▼
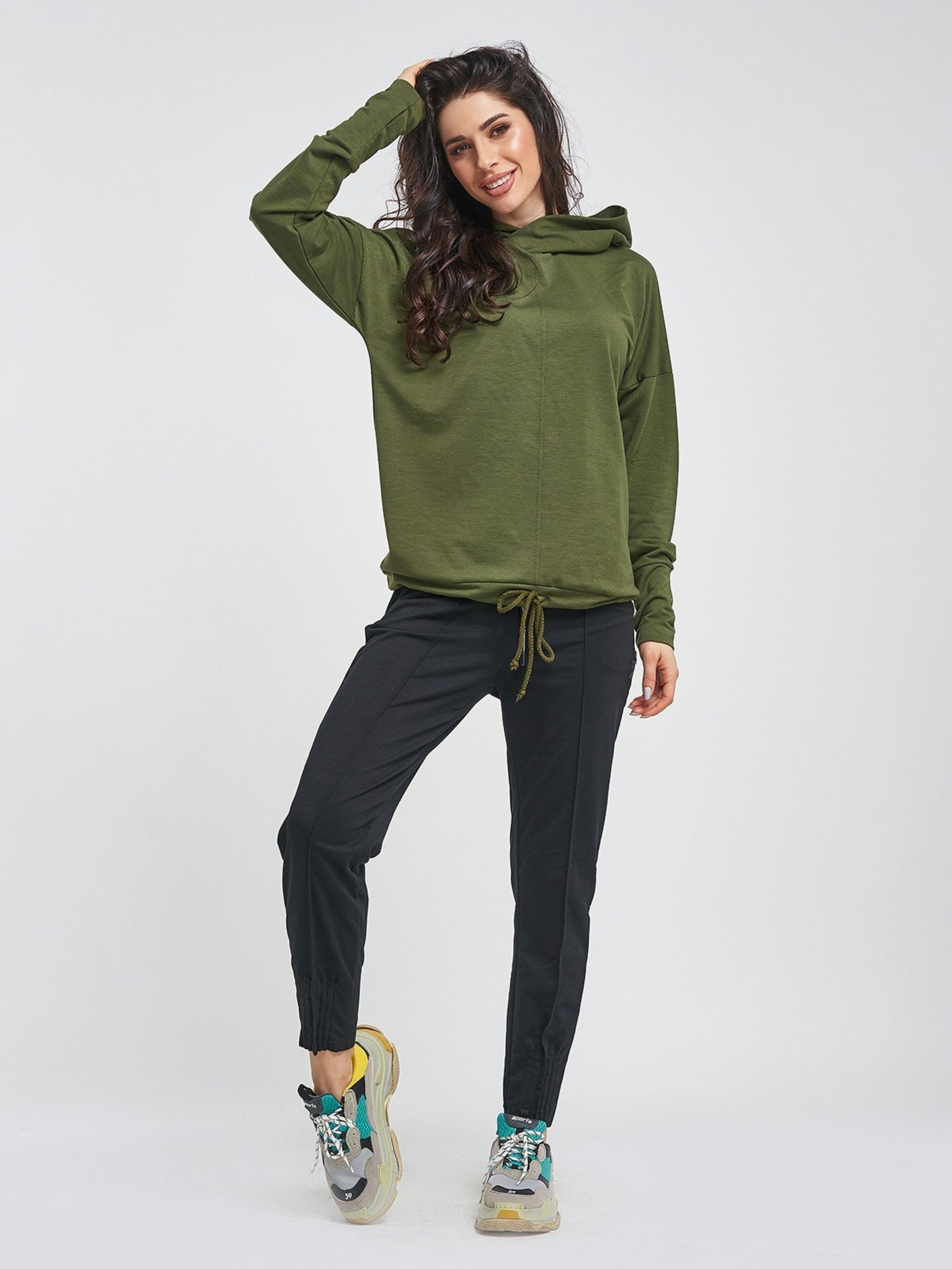 Чорні присборені спортивні штани зі стрілками. Чорні спортивні штани виконані з двухнітного трикотажу. Модель вільного присбореного до низу крою з необробленим швами нижнім зрізом і фіксованими стрілками. Штани з бічними і задніми кишенями, еластичною стрічкою на поясі і декоративними вставками. Склад: 50% бавовна, 50% поліестер. Матеріал: Двонитка. Штани : Талія S (64-74), M (68-78), L (72-82), XL (76-86), Стегна S (98), M (102), L (106), XL (110) ), Внутрішній шов - 72. Тканина: Середня еластичність.
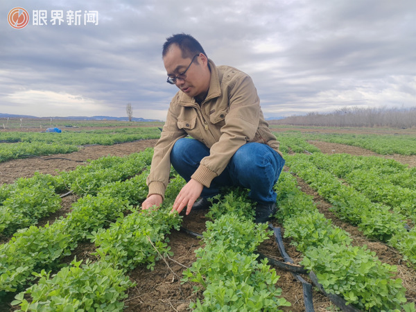 王玉祥掐下几株苜蓿,用指甲一掐,嫩茎中流出一小滴水珠状液体,“嫩,水分足。”王玉祥说,苜蓿吃法丰富多样,常见清炒苜蓿,简单的烹饪方式就能最大程度保留苜蓿鲜嫩口感和清香味道。
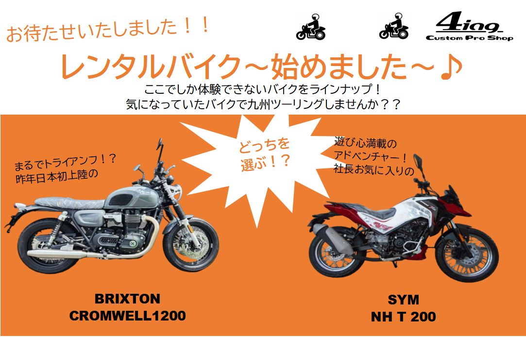 レンタルバイクできます!! なかなかレンタルで乗ることができないBRIXTON CROMWELL1200とSYM NH T 200をラインナップ!海外メーカーは乗り味が気になるところですが、購入検討の試し乗りとしてもオススメです!販売も行っておりますのでお気軽に店舗スタッフまでお声掛けください!!※ヘルメット、グローブ等、装備品はご持参ください。
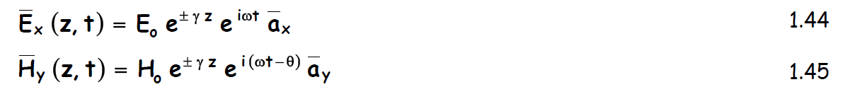 siendo ay y ax vectores unitarios en las direcciones “x” e “y”, y θ el desfase que existen entre los campos E y H. Su valor, función de la frecuencia y de los parámetros eléctricos del medio de propagación, se deduce sustituyendo cualquiera de las ecuaciones 1.37 y 1.38 en las primeras del sistema dado por las ecuaciones de Maxwell particularizadas para q = 0 ( 1.8 y 1.9 ) obteniéndose:
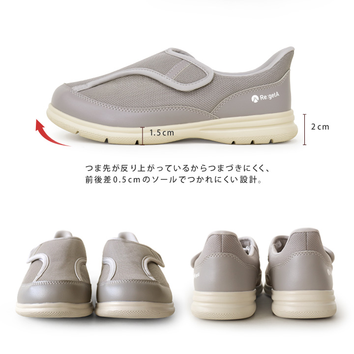 リゲッタウェルネス Re:getA Wellness WN-01 ハンズフリーシューズ ウォーキング リハビリ ケアシューズ 履きやすい 履かせやすい 超軽量 幅広 4E 前開き サポートシューズ 介護シューズ スットオン 面ファスナー 高齢者
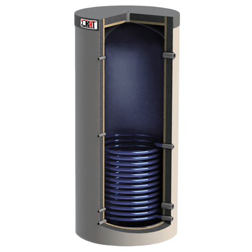 Нижній теплообмінник ідеально підходить для підключення сонячних колекторів, які в денний час нагрівають теплоносій у баку, а надлишкове тепло акумулюється для використання ввечері та вночі.
▲
▶ **WORK INSTRUCTION**
What you return should be the full listing, unchanged, minus the pictures.

▶ **SOLUTION TO THIS TASK**
 Чорні присборені спортивні штани зі стрілками. Чорні спортивні штани виконані з двухнітного трикотажу. Модель вільного присбореного до низу крою з необробленим швами нижнім зрізом і фіксованими стрілками. Штани з бічними і задніми кишенями, еластичною стрічкою на поясі і декоративними вставками. Склад: 50% бавовна, 50% поліестер. Матеріал: Двонитка. Штани : Талія S (64-74), M (68-78), L (72-82), XL (76-86), Стегна S (98), M (102), L (106), XL (110) ), Внутрішній шов - 72. Тканина: Середня еластичність.
 王玉祥掐下几株苜蓿,用指甲一掐,嫩茎中流出一小滴水珠状液体,“嫩,水分足。”王玉祥说,苜蓿吃法丰富多样,常见清炒苜蓿,简单的烹饪方式就能最大程度保留苜蓿鲜嫩口感和清香味道。
 レンタルバイクできます!! なかなかレンタルで乗ることができないBRIXTON CROMWELL1200とSYM NH T 200をラインナップ!海外メーカーは乗り味が気になるところですが、購入検討の試し乗りとしてもオススメです!販売も行っておりますのでお気軽に店舗スタッフまでお声掛けください!!※ヘルメット、グローブ等、装備品はご持参ください。
 siendo ay y ax vectores unitarios en las direcciones “x” e “y”, y θ el desfase que existen entre los campos E y H. Su valor, función de la frecuencia y de los parámetros eléctricos del medio de propagación, se deduce sustituyendo cualquiera de las ecuaciones 1.37 y 1.38 en las primeras del sistema dado por las ecuaciones de Maxwell particularizadas para q = 0 ( 1.8 y 1.9 ) obteniéndose:
 リゲッタウェルネス Re:getA Wellness WN-01 ハンズフリーシューズ ウォーキング リハビリ ケアシューズ 履きやすい 履かせやすい 超軽量 幅広 4E 前開き サポートシューズ 介護シューズ スットオン 面ファスナー 高齢者
 Нижній теплообмінник ідеально підходить для підключення сонячних колекторів, які в денний час нагрівають теплоносій у баку, а надлишкове тепло акумулюється для використання ввечері та вночі.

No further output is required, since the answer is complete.